■ WHAT THIS TASK INVOLVES ■
Using the data below, copy each line that includes the word "original".

■ RECORDED INFORMATION ■

◆ ◆ ◆

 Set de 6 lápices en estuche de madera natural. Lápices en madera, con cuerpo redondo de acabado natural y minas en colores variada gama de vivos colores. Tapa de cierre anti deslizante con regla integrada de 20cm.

◆ ◆ ◆

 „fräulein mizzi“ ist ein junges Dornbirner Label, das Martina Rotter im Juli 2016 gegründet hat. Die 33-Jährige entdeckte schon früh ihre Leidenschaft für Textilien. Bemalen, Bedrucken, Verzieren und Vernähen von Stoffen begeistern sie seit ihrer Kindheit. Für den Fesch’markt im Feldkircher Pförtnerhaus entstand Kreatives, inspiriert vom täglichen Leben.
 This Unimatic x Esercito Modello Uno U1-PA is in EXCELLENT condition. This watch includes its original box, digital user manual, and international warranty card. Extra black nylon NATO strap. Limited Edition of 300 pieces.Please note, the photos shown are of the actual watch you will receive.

◆ ◆ ◆

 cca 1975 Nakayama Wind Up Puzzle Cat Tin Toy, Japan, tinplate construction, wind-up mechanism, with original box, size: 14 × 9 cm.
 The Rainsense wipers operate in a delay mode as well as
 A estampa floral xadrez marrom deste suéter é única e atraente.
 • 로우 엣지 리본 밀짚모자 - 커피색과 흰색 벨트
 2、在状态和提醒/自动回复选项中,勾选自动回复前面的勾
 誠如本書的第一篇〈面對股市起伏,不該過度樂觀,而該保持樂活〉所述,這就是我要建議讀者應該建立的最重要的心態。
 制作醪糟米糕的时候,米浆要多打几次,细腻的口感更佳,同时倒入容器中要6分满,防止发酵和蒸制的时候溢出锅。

◆ ◆ ◆

■ ANSWER SPACE ■
 This Unimatic x Esercito Modello Uno U1-PA is in EXCELLENT condition. This watch includes its original box, digital user manual, and international warranty card. Extra black nylon NATO strap. Limited Edition of 300 pieces.Please note, the photos shown are of the actual watch you will receive.
 cca 1975 Nakayama Wind Up Puzzle Cat Tin Toy, Japan, tinplate construction, wind-up mechanism, with original box, size: 14 × 9 cm.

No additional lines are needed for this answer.